# Stuck Shutter A-57



## Krimzon (Aug 11, 2012)

I have a Sony A-57 and I bought it roughly 35 days ago.  One night I quickly grabbed my camera up to catch the moment, and I noticed it wouldn't focus or change modes with the dial.  I can still take pictures as long as I use manual focus. 

I noticed later the shutter was stuck open and it was tricking the camera into thinking it was taking a picture.

Has anyone had this issue before?  I will mess with it some more tomorrow, but if someone has had the shutter stay open please explain how you fixed this.


----------



## aaronlecain (Aug 11, 2012)

Is the battery fully charged? I had an issue with a battery that froze my A77. I changed out the battery and it fixed the problem. It never happened again.
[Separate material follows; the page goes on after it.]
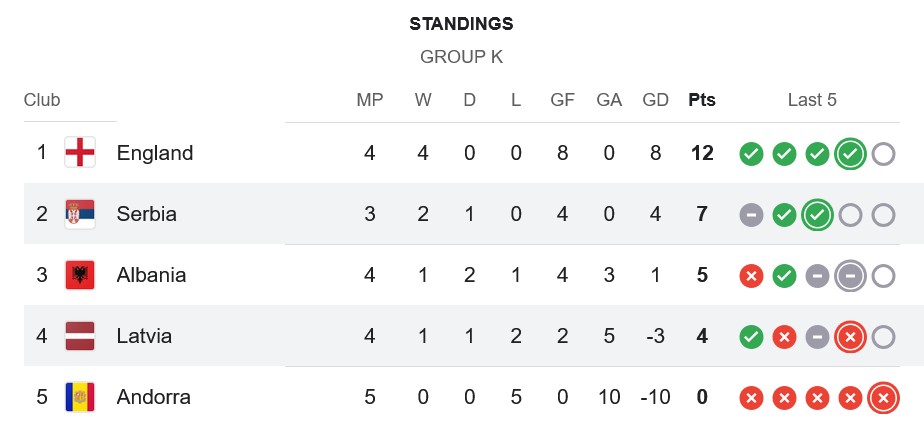 ชัยชนะนัดนี้ทำให้ เซอร์เบีย เก็บเพิ่มเป็น 7 คะแนนจาก 3 นัด รั้งอันดับ 2 ของกลุ่ม K ตามหลัง อังกฤษ ที่นำเป็นจ่าฝูงอยู่ที่ 12 คะแนน ส่วน ลัตเวีย มีเพียง 4 คะแนนจาก 4 นัด รั้งอันดับ 4 ทำให้เส้นทางลุ้นเข้ารอบสุดท้ายยังต้องเหนื่อยหนัก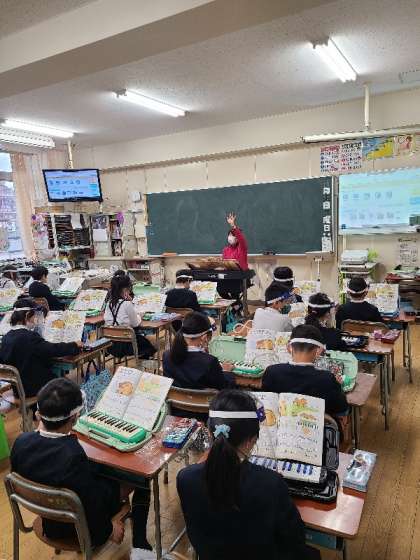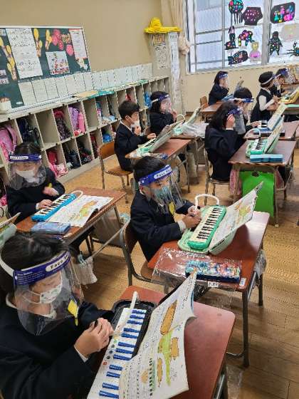 2年1組の音楽の様子です。フェースシールドをして男女別にリコーダーの演奏をしています。

I have no idea if that helps I don't know much about the A57


----------



## unpopular (Aug 11, 2012)

Try unmounting the lens, removing the battery, fully charge the battery, remove the memory card, replace the lens, replace the memory card and replace the battery.

Try replacing the lens "hot", with the camera turned on.

Knowing how my a350 works without electronic connection to the lens, my gut makes me think it has to do with the lens, if it's not a mechanical failure.


----------



## Krimzon (Aug 12, 2012)

Thank you for the fast responds, I will try all of those solutions and let you know how it goes.


----------



## Krimzon (Aug 12, 2012)

Movie mode works, but I am gathering that is because the shutter is always open for movies. 

The camera functions for almost a quarter of a second after I take a picture and that is how I am able to change the mode.

At this point I believe I have no other option but to send it in to Sony for repairs, which is disappointing since I got this camera to replace a Sony Nex 5-N that was having issues.

Everyone should thank me for buying the broken "one" (twice) so they don't have to.


----------